Figure 1 Location of coastal cities and their administrative divisions, ports, and deltas.

2.3 Data sources and processing

To analyze the risk characteristics of marine disasters in China, official government statistical data were collected from the sources listed below.

● Marine Disaster Bulletin (MDB)

● Bulletin of Marine Ecological Environment Status in China (BMEES)

● Marine Environment Quality Bulletin (MEQB)

● Statistical Bulletin of China’s Marine Economy (SBCME)

● China Urban Statistical Yearbook (CUSY)

● China Statistical Yearbook (CSY)

We focused on hazard, exposure, and vulnerability and used data from a series of records that were issued to the public annually to provide the official statistical information (Table 1).

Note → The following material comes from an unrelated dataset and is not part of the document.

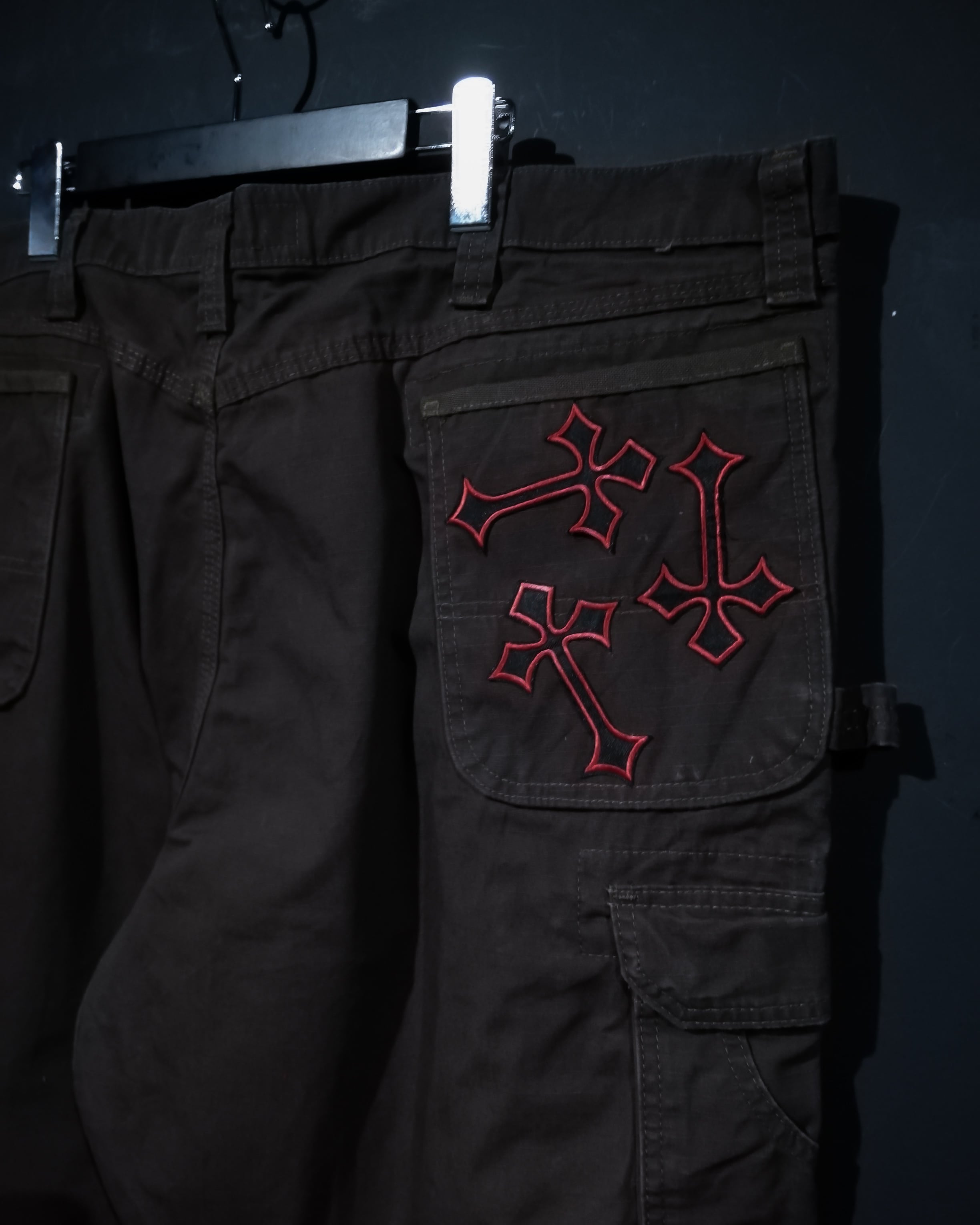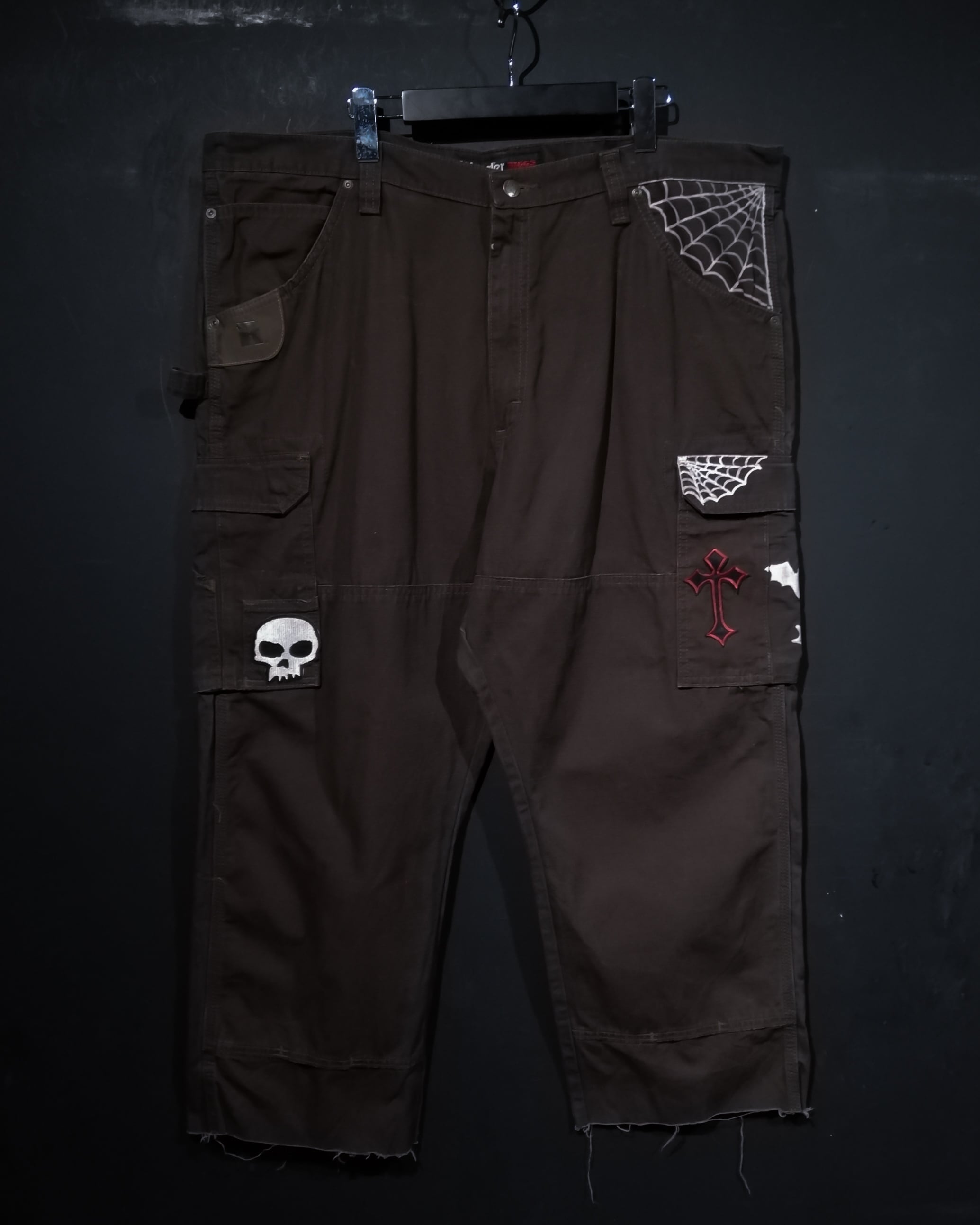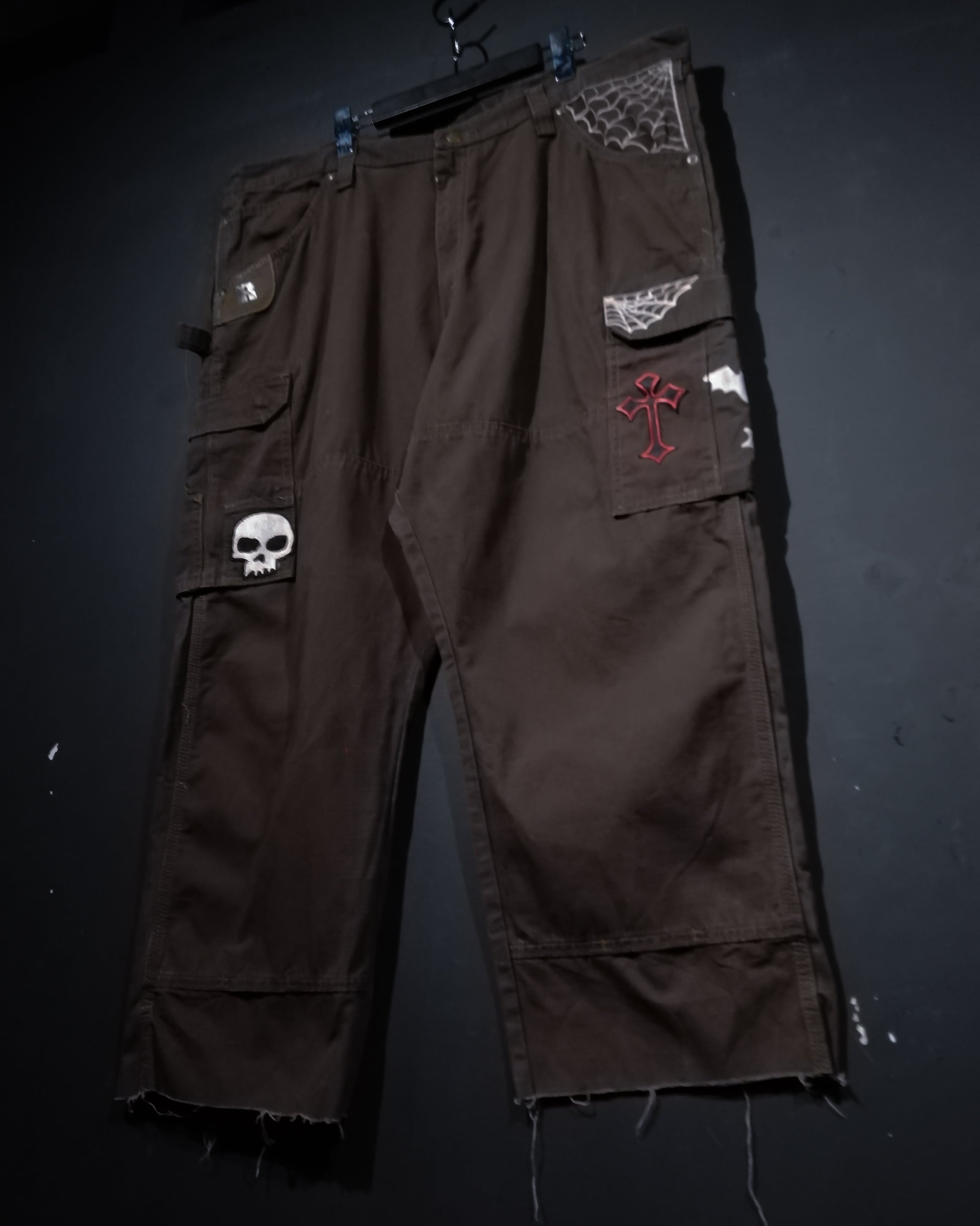 タフなブラウンのリップストップ生地をベースに、随所に蜘蛛の糸やコウモリのペイント、クロスやドクロのワッペンデザインを載せた、全所有者の思想が乗りに乗った1本。

(1) Hazard: The hazard associated with disasters is usually expressed in terms of the disaster’s intensity, occurrence frequency, and duration (Zhang, 2004). MDBs do not contain much detail on the intensity and duration of storm surges, rough seas, harmful algal blooms (red tides and U. Prolifera green tides), and oil spills, but do contain a detail about their frequencies.

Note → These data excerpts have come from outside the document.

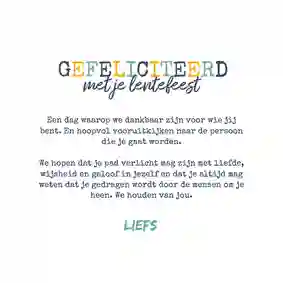 Onze designers doken in de wereld van lente- en groeifeesten en stelden de allermooiste kaartcollectie samen. Dit bijzondere moment vraagt natuurlijk om een vrolijk lentefeest kaartje met een liefdevolle felicitatie. Omdat het lentefeest plaatsvindt in het voorjaar, zie je op veel felicitatiekaartjes fleurige elementen terug. Denk bijvoorbeeld aan pastelkleuren, bloemen (narcissen), vlinders, fruit en dieren. De fotokaders in de ontwerpen geven je de mogelijkheid om een foto van het kind dat lentefeest doet toe te voegen.
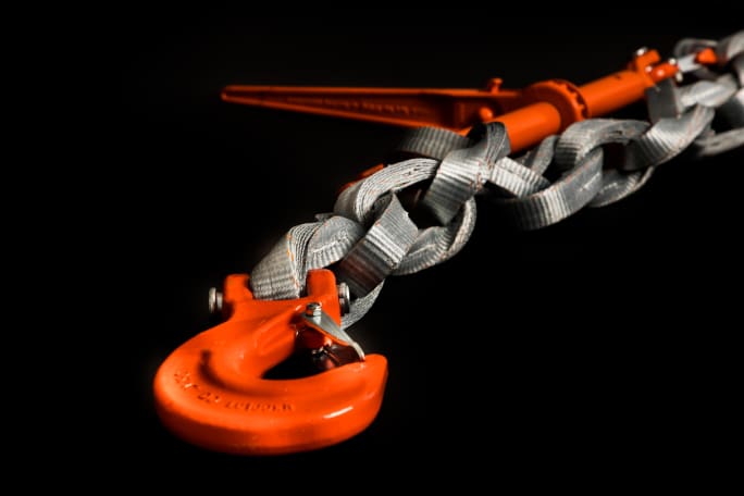 The DoNova textile chain, which can be used as a traditional lashing or lifting chain, is a multilayered redundant system which is abrasion and cut-resistant. When used as a lashing chain, the DoNova PowerLash is as powerful as a 13mm grade 80 steel chain, with a lashing working load limit of 22,000 pounds.
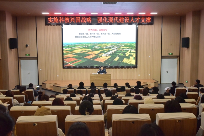 12月28日上午,党委书记徐剑波来到泮河校区西北片区,以“实施科教兴国战略 强化现代化建设人才支撑”为主题,在学术报告厅为师生代表上了一堂精彩纷呈的思政课,勉励大家树立远大理想,心怀“国之大者”,勇担立德树人强农兴农历史使命。

(2) Exposure: Exposure changes over time and from place to place and is different for different disasters. Despite this, all disasters will eventually affect human society. In this paper, exposure is represented by the marine-related gross domestic product, marine-related value added by industry, GDP of coastal cities, and resident population of coastal cities.

(3) Vulnerability: The vulnerability of the environment reflects the susceptibility of society to marine disasters. Therefore, economic and infrastructure losses caused by various disasters were used to measure vulnerability.

(4) Resilience: The ability to prevent disasters reflects the ability of emergency departments and the masses to prepare for disasters beforehand and respond during disasters. Not all marine disaster prevention and mitigation capabilities are clearly documented, so this study obtained relevant data from published studies.

TABLE 1

Table 1 Data sources.

To eliminate the differences in economic statistical data caused by inflation and facilitate the comparison of economic data in different years, since 2000, the consumer price index (CPI) is used to convert the economic data to the recalculated values as follows:

$\begin{array}{ll}GD{P}_{i-2021}=GD{P}_i\ast \frac{CP{I}_{2021}}{CP{I}_i}& (2)\end{array}$

where GDP_i−2021 represents the recalculated GDP values for year i based on 2021, GDP_i represents the published GDP value of year i by CSY, CPI₂₀₂₁ represents the CPI index based on 2021, and CPI_i represents the published CPI value of year i by CSY.

3 Risk characteristic analysis

3.1 Hazard

MDBs lack frequency data for rough seas for 2000 and 2001, so its statistics begin in 2002. It can be seen from Figure 2A that since the beginning of the 21st century, the frequency of storm surges and rough seas has been relatively stable.

FIGURE 2

Figure 2 (A) Frequency of storm surges and rough seas (B) Frequency and accumulative area of red tides (C) The maximum distribution area and maximum coverage area of U. Prolifera (D) Frequency and leakage amounts of oil spills.

The data show that 1,425 red tides occurred in China’s coastal areas from 2000 to 2021. The frequency and cumulative area of red tides shows an initial increase followed by a decrease (Figure 2B). The frequency of red tides peaked at 119 in 2003 and the cumulative area peaked at 27,070 km² in 2005. Except for 2021, the frequency and cumulative area showed a downward trend.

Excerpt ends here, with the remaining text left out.